Saturday, December 19, 2009

Re-cyclical Abyss

The world is a spinning die, and everything turns and changes:
man is turned to an angel and an angel to man; and the head to
the foot, and the foot to the head. Thus all things turn and spin and
change, this into that, and that into this, the topmost to the under-
most, and the undermost to the topmost. For at the root all is one,
and salvation inheres in the change and return of things.

Nahman of Bratzlav

Way up north, in the land of the northern lights, where the sun never sets
in the summer and winter nights last for months, there once lived a man
named Ebar, who hunted seals and walrus to feed his family.

One day while he was off hunting, Ebar's kayak overturned in the icy waters.
Down, down he went to the bottom of the sea. Then slowly he rose up to the surface
again. When he climbed out of the water, Ebar found himself in a strange land.

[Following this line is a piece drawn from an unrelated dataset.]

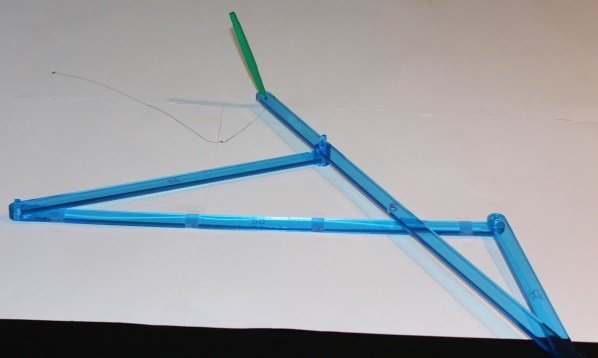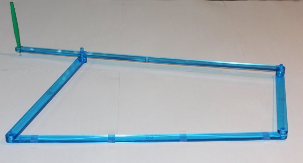 If we’re really going to understand linkages, what makes them tick, we should start from the very simplest. And one important way of measuring the complexity of a linkage is its number of “degrees of freedom”. This is basically the number of independent measurements you have to take of it at any given time to pin down exactly where every component is. You can also think of it as the number of “dimensions” in which the mechanism as a whole is able to move. For example, with the scissors jack as we used it last time, you could move the “input” pen up/down and left/right on the page, and that would determine exactly where every other component of the linkage had to be. (That’s why there was a cohesive, reproducible “output” drawing.) So that scissors jack had two degrees of freedom. Adding bars tends to increase the number of degrees of freedom; adding links tends to decrease it. (In fact, there’s a formula quantifying these phenomena, called the mobility formula.)

He
began to walk, not knowing where he was going. He walked and walked until he was
so tired he could walk no more. Ebar sat down under a large tree with spreading
branches, some distance from a strong flowing river.

At first light of dawn Ebar could see that a piece of the river bank had broken off
and been swept away with the current. The next night his sleep was interrupted again
by the same sound. Sure enough, in the morning he could see another piece of river
bank had vanished. Every night for nine nights a portion of the river bank fell
into the current with a crash. By now the edge of the river was so close,
it was almost at his feet.

Ebar felt he could neither run away nor move. He was stuck there under that tree.
On the tenth night the river current was stronger than usual. Ebar could see down
into the swirling waters. Suddenly there was a great rumbling sound, the river bank
broke away right under him, and he fell into the water. Ebar tried to cry out for help
but when he opened his mouth the sound of a newborn baby emerged. He looked up
into familiar shining eyes. He was being gently held and rocked. A man no more,
he had been reborn as a baby among his own people.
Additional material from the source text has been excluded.